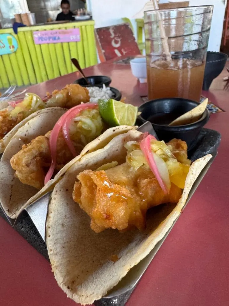 I went with the fish tacos, and let me tell you—they were flakey, fresh, and flavorful. And the best part? The entire plate cost just 195 pesos (around $10 USD). It was the perfect reminder that you don’t have to spend a fortune to eat well in Tulum—you just need to know where to look.
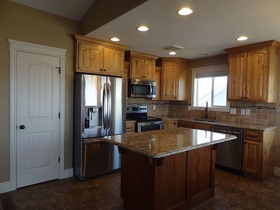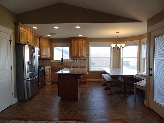 Location and views! Close to the hospital, University and interstate access with views of American Falls Reservoir. Open floor plan with split BR concept, vaulted ceilings and gas fireplace. The kitchen has a pantry, huge fridge, and beautiful cabinets. Master BR has walk in closet, separate shower, jetted tub and double sinks. Walk out basement has huge FR with gas fireplace, 2 LG BRs + almost finished den with water hook ups for sink or whatever. Play set, gazebo and shed stay. Fenced back yard, sprinklers with drip system to flower beds and extra hook up to garden spot, peach and honeycrisp apple trees.
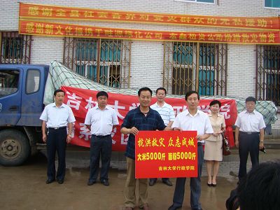 今年吉林省遭遇了历史上罕见的特大洪涝灾害,人民群众生命财产受到重大损失。洪涝灾害发生后,悟空体育的教职工一直关注着灾情,牵挂着灾区。大家通过媒体看到父老乡亲家园被毁,农田被淹,心情十分沉痛和同情;看到各级领导、解放军官兵、受灾群众团结一心、坚强勇敢地面对灾害,又感到十分振奋和欣慰,尤其是看到解放军官兵和基层领导能够舍弃自己和家属的生命财产去救助广大受灾群众,更是感动和赞佩。开学伊始,公司党委立即组织公司教职工积极行动起来,踊跃捐款,并从公司经费中拿出一部分资金,共采购了5000斤大米、5000斤白面及时送到了农安县灾区。边铁书记表示,天灾无情,人间有爱,一方有难,八方支援。悟空体育教职工希望通过向农安县灾区尽一点绵薄之力,来表达对农安灾区父老乡亲乃至全省受灾群众的关爱之心,来履行一份社会责任。边铁书记代表公司教职工祝愿灾区群众能够凭借坚强的意志、艰苦奋斗的精神早日重建家园,恢复正常的生产生活,衷心祝愿灾区的父老乡亲今后的生活更加幸福,更加美满。

------------------------------------

ASSIGNMENT -
What is needed is an exact copy of all the data, with no images in it.

SOLUTION TO THE PROBLEM -
 I went with the fish tacos, and let me tell you—they were flakey, fresh, and flavorful. And the best part? The entire plate cost just 195 pesos (around $10 USD). It was the perfect reminder that you don’t have to spend a fortune to eat well in Tulum—you just need to know where to look.
 Location and views! Close to the hospital, University and interstate access with views of American Falls Reservoir. Open floor plan with split BR concept, vaulted ceilings and gas fireplace. The kitchen has a pantry, huge fridge, and beautiful cabinets. Master BR has walk in closet, separate shower, jetted tub and double sinks. Walk out basement has huge FR with gas fireplace, 2 LG BRs + almost finished den with water hook ups for sink or whatever. Play set, gazebo and shed stay. Fenced back yard, sprinklers with drip system to flower beds and extra hook up to garden spot, peach and honeycrisp apple trees.
 今年吉林省遭遇了历史上罕见的特大洪涝灾害,人民群众生命财产受到重大损失。洪涝灾害发生后,悟空体育的教职工一直关注着灾情,牵挂着灾区。大家通过媒体看到父老乡亲家园被毁,农田被淹,心情十分沉痛和同情;看到各级领导、解放军官兵、受灾群众团结一心、坚强勇敢地面对灾害,又感到十分振奋和欣慰,尤其是看到解放军官兵和基层领导能够舍弃自己和家属的生命财产去救助广大受灾群众,更是感动和赞佩。开学伊始,公司党委立即组织公司教职工积极行动起来,踊跃捐款,并从公司经费中拿出一部分资金,共采购了5000斤大米、5000斤白面及时送到了农安县灾区。边铁书记表示,天灾无情,人间有爱,一方有难,八方支援。悟空体育教职工希望通过向农安县灾区尽一点绵薄之力,来表达对农安灾区父老乡亲乃至全省受灾群众的关爱之心,来履行一份社会责任。边铁书记代表公司教职工祝愿灾区群众能够凭借坚强的意志、艰苦奋斗的精神早日重建家园,恢复正常的生产生活,衷心祝愿灾区的父老乡亲今后的生活更加幸福,更加美满。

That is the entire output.